## Your assignment
Your task is to restate word for word the lines in the material below, from the one with "Úr forsetatíð Ásgeirs" up to and including the one with "6.12.1 Buy Orlo". Do not carry over the pictures.

## Data
──────
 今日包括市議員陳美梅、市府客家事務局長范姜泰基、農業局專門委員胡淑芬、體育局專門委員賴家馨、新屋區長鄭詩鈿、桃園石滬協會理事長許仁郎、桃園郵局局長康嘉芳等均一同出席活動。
──────
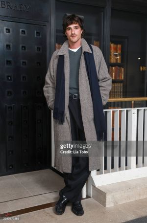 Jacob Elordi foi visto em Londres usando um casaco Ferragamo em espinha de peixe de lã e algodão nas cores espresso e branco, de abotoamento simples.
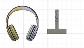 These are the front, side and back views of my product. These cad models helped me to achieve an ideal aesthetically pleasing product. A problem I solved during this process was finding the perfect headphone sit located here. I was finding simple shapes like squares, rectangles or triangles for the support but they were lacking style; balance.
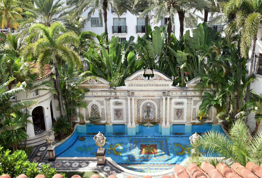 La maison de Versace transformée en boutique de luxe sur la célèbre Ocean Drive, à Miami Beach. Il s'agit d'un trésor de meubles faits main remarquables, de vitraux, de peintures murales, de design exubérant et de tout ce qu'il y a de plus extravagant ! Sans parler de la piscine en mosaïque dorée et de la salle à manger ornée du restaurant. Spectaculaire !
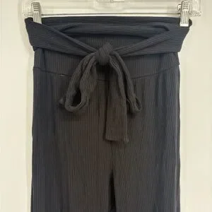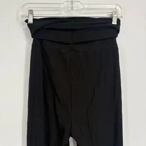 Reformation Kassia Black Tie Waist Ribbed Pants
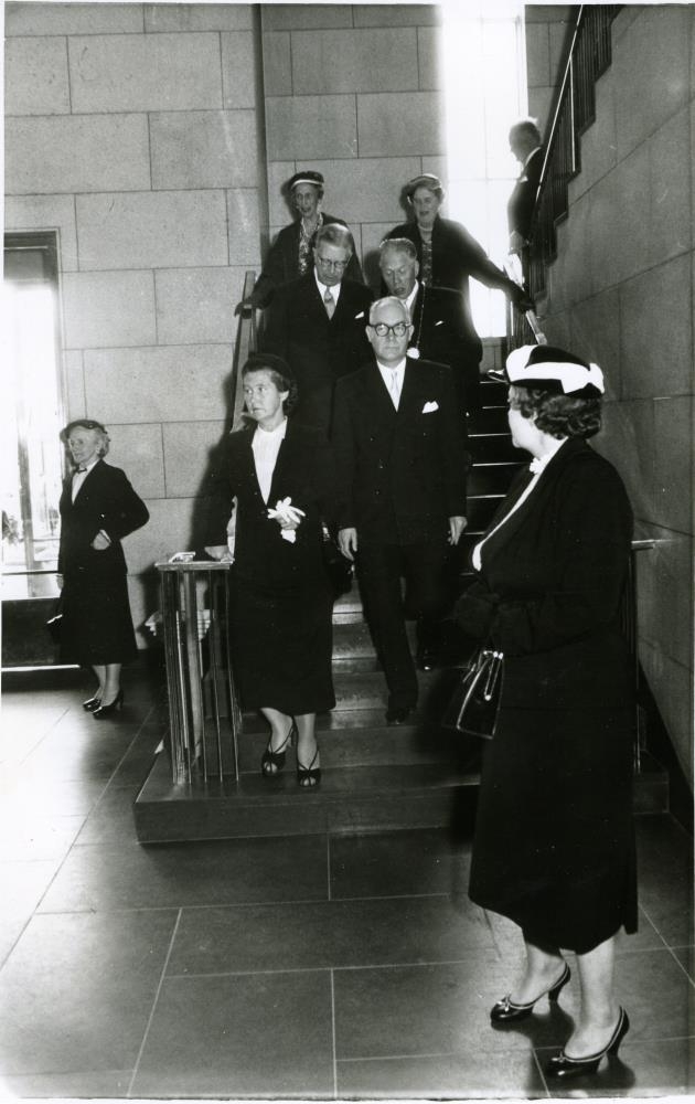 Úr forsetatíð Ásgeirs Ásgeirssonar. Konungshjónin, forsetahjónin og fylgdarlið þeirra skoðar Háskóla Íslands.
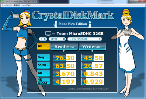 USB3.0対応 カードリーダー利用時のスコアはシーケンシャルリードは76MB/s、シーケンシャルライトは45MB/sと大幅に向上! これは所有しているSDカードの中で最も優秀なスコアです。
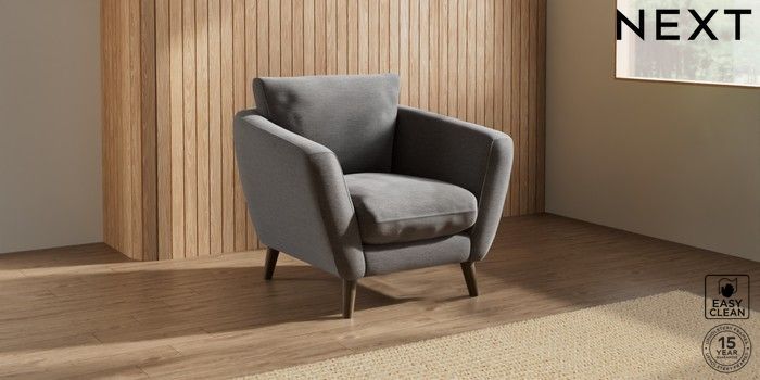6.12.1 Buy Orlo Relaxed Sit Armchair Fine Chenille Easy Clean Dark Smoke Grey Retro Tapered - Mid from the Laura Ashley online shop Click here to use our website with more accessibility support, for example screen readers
──────
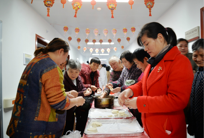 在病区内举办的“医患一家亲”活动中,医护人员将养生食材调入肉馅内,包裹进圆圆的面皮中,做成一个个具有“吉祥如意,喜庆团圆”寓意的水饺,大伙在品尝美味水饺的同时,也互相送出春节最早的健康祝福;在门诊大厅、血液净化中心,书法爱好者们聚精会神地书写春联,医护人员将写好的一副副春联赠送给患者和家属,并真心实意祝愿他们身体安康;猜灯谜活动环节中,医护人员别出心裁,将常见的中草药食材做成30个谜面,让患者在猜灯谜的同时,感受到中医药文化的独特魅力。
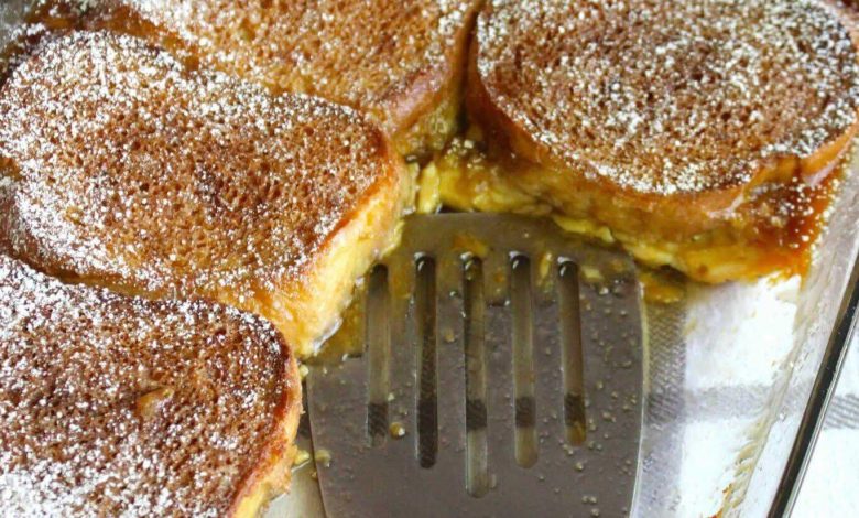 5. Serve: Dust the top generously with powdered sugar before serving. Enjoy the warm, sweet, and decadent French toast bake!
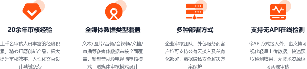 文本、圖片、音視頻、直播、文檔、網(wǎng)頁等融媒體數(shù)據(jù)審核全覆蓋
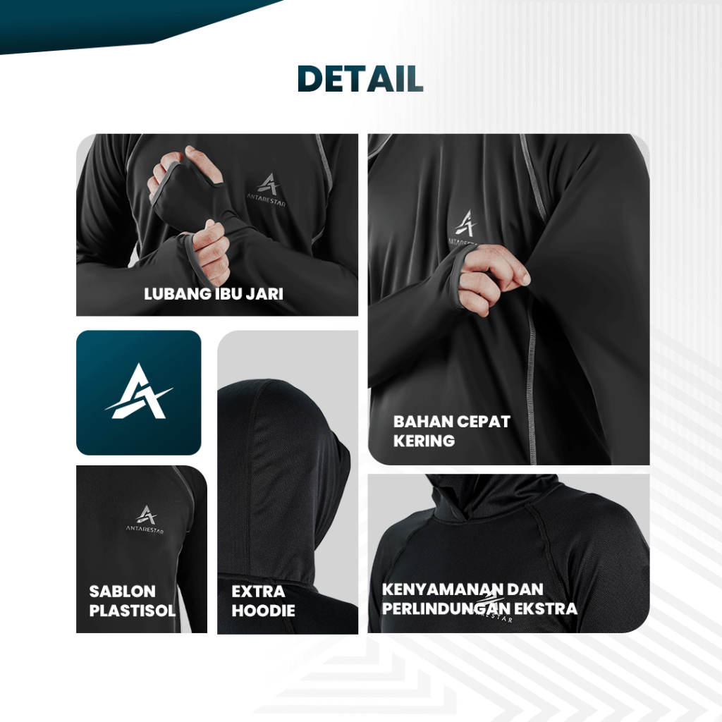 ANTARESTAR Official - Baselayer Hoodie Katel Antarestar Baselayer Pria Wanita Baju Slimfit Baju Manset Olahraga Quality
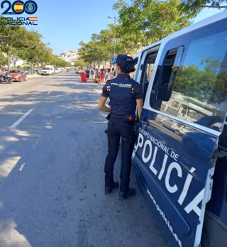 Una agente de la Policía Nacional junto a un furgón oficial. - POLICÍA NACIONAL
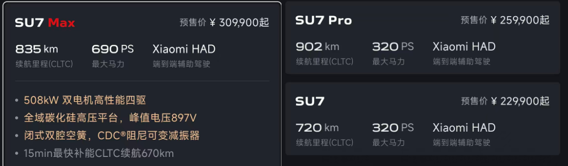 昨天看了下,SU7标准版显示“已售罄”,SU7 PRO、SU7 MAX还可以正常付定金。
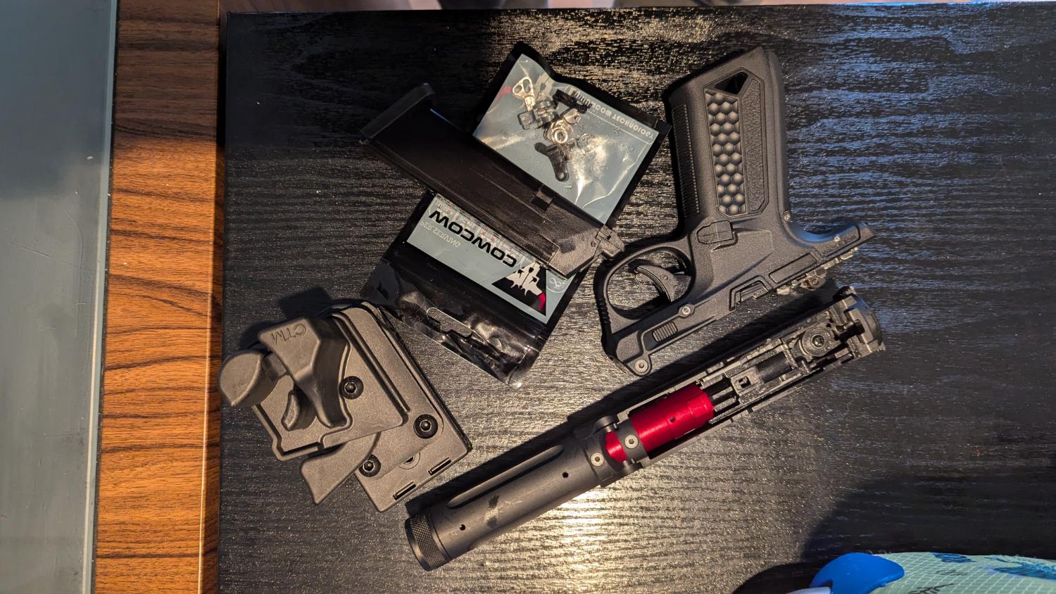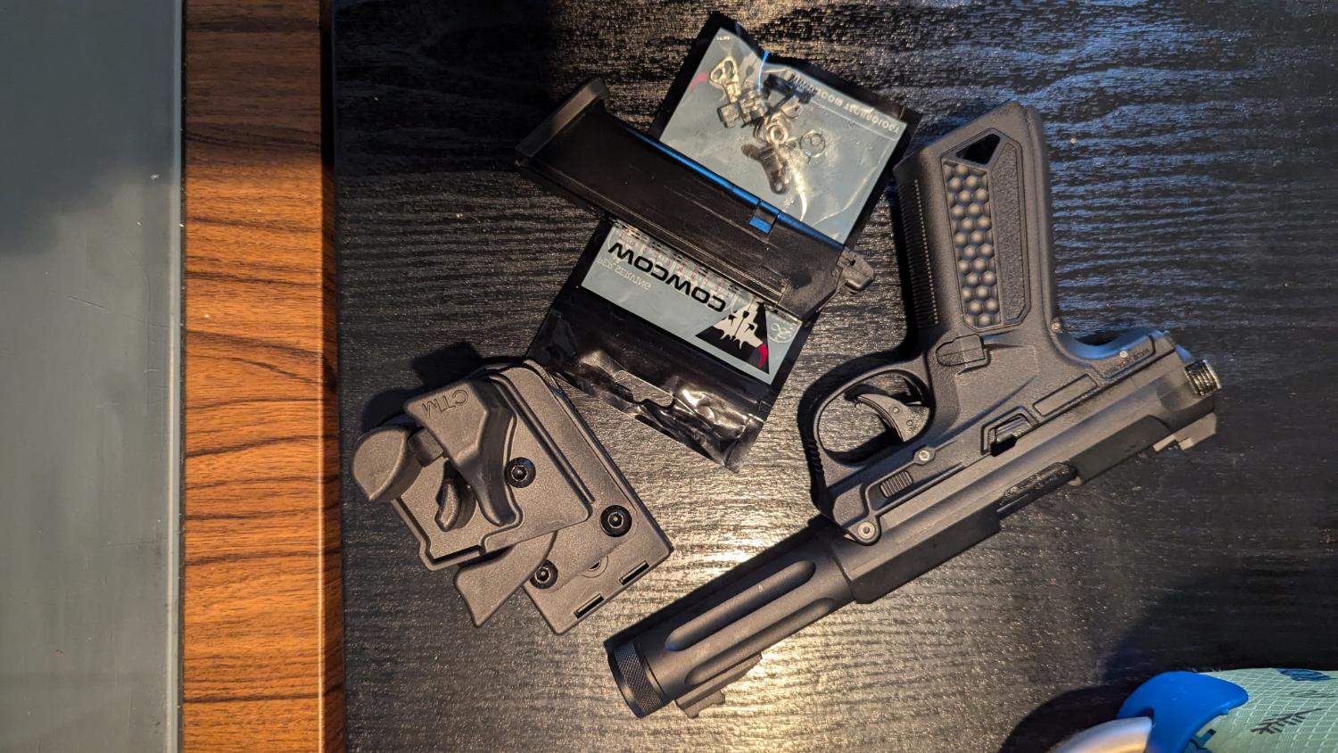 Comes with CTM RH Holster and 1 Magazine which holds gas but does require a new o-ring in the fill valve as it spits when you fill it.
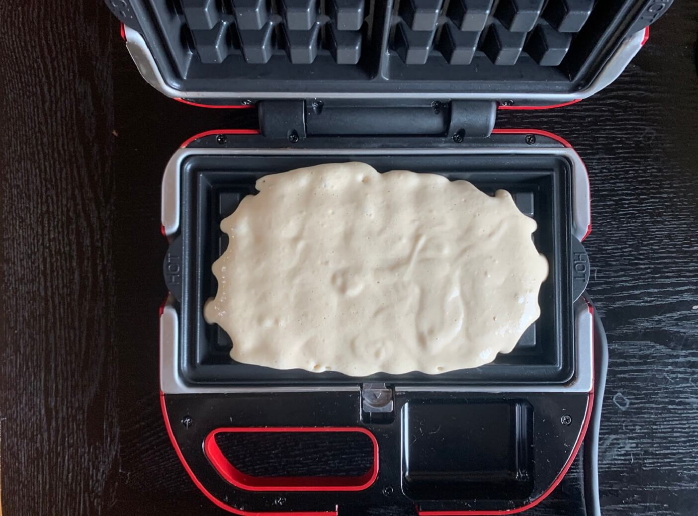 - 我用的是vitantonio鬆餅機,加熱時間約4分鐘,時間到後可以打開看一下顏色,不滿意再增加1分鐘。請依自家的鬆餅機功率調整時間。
──────
## Reply to the exercise
 Úr forsetatíð Ásgeirs Ásgeirssonar. Konungshjónin, forsetahjónin og fylgdarlið þeirra skoðar Háskóla Íslands.
 USB3.0対応 カードリーダー利用時のスコアはシーケンシャルリードは76MB/s、シーケンシャルライトは45MB/sと大幅に向上! これは所有しているSDカードの中で最も優秀なスコアです。
6.12.1 Buy Orlo Relaxed Sit Armchair Fine Chenille Easy Clean Dark Smoke Grey Retro Tapered - Mid from the Laura Ashley online shop Click here to use our website with more accessibility support, for example screen readers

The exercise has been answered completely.